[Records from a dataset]

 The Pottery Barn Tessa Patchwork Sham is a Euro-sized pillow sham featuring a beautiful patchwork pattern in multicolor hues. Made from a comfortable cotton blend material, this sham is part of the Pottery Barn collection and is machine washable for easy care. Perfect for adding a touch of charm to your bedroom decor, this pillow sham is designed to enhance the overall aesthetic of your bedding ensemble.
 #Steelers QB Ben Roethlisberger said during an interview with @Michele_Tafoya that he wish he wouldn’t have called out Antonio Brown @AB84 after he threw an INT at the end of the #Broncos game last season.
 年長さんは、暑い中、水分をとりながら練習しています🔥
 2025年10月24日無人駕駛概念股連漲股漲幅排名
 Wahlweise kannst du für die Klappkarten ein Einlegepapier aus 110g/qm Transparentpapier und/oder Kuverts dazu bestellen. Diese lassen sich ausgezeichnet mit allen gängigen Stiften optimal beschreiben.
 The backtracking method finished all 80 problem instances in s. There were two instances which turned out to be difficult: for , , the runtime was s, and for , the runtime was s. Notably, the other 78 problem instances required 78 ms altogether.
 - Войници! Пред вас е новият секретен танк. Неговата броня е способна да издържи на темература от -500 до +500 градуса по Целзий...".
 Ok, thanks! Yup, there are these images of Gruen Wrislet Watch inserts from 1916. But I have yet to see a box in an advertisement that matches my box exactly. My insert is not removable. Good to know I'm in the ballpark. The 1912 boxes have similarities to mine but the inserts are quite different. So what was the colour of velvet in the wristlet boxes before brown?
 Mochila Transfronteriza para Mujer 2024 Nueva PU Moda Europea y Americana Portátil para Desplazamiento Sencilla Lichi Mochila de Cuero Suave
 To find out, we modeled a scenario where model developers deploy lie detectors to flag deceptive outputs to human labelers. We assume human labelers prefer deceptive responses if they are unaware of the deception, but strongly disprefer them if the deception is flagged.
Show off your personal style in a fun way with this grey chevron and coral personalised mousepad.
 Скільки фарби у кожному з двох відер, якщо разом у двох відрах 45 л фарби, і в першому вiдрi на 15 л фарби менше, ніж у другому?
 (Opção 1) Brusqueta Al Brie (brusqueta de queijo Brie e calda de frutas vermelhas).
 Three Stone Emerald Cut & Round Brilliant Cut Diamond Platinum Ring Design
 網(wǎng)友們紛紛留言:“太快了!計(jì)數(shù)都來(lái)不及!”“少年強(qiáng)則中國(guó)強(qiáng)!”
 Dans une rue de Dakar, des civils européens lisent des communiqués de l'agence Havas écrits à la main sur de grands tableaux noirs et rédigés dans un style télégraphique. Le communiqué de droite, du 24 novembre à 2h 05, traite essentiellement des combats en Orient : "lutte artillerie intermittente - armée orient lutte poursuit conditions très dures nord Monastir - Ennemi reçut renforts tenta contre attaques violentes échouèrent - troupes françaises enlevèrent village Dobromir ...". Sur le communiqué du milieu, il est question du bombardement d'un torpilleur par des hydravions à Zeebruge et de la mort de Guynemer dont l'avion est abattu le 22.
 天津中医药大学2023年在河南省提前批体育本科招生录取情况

Activity:
Could the data above be returned exactly as it stands?

Solution for this task:
 The Pottery Barn Tessa Patchwork Sham is a Euro-sized pillow sham featuring a beautiful patchwork pattern in multicolor hues. Made from a comfortable cotton blend material, this sham is part of the Pottery Barn collection and is machine washable for easy care. Perfect for adding a touch of charm to your bedroom decor, this pillow sham is designed to enhance the overall aesthetic of your bedding ensemble.
 #Steelers QB Ben Roethlisberger said during an interview with @Michele_Tafoya that he wish he wouldn’t have called out Antonio Brown @AB84 after he threw an INT at the end of the #Broncos game last season.
 年長さんは、暑い中、水分をとりながら練習しています🔥
 2025年10月24日無人駕駛概念股連漲股漲幅排名
 Wahlweise kannst du für die Klappkarten ein Einlegepapier aus 110g/qm Transparentpapier und/oder Kuverts dazu bestellen. Diese lassen sich ausgezeichnet mit allen gängigen Stiften optimal beschreiben.
 The backtracking method finished all 80 problem instances in s. There were two instances which turned out to be difficult: for , , the runtime was s, and for , the runtime was s. Notably, the other 78 problem instances required 78 ms altogether.
 - Войници! Пред вас е новият секретен танк. Неговата броня е способна да издържи на темература от -500 до +500 градуса по Целзий...".
 Ok, thanks! Yup, there are these images of Gruen Wrislet Watch inserts from 1916. But I have yet to see a box in an advertisement that matches my box exactly. My insert is not removable. Good to know I'm in the ballpark. The 1912 boxes have similarities to mine but the inserts are quite different. So what was the colour of velvet in the wristlet boxes before brown?
 Mochila Transfronteriza para Mujer 2024 Nueva PU Moda Europea y Americana Portátil para Desplazamiento Sencilla Lichi Mochila de Cuero Suave
 To find out, we modeled a scenario where model developers deploy lie detectors to flag deceptive outputs to human labelers. We assume human labelers prefer deceptive responses if they are unaware of the deception, but strongly disprefer them if the deception is flagged.
Show off your personal style in a fun way with this grey chevron and coral personalised mousepad.
 Скільки фарби у кожному з двох відер, якщо разом у двох відрах 45 л фарби, і в першому вiдрi на 15 л фарби менше, ніж у другому?
 (Opção 1) Brusqueta Al Brie (brusqueta de queijo Brie e calda de frutas vermelhas).
 Three Stone Emerald Cut & Round Brilliant Cut Diamond Platinum Ring Design
 網(wǎng)友們紛紛留言:“太快了!計(jì)數(shù)都來(lái)不及!”“少年強(qiáng)則中國(guó)強(qiáng)!”
 Dans une rue de Dakar, des civils européens lisent des communiqués de l'agence Havas écrits à la main sur de grands tableaux noirs et rédigés dans un style télégraphique. Le communiqué de droite, du 24 novembre à 2h 05, traite essentiellement des combats en Orient : "lutte artillerie intermittente - armée orient lutte poursuit conditions très dures nord Monastir - Ennemi reçut renforts tenta contre attaques violentes échouèrent - troupes françaises enlevèrent village Dobromir ...". Sur le communiqué du milieu, il est question du bombardement d'un torpilleur par des hydravions à Zeebruge et de la mort de Guynemer dont l'avion est abattu le 22.
 天津中医药大学2023年在河南省提前批体育本科招生录取情况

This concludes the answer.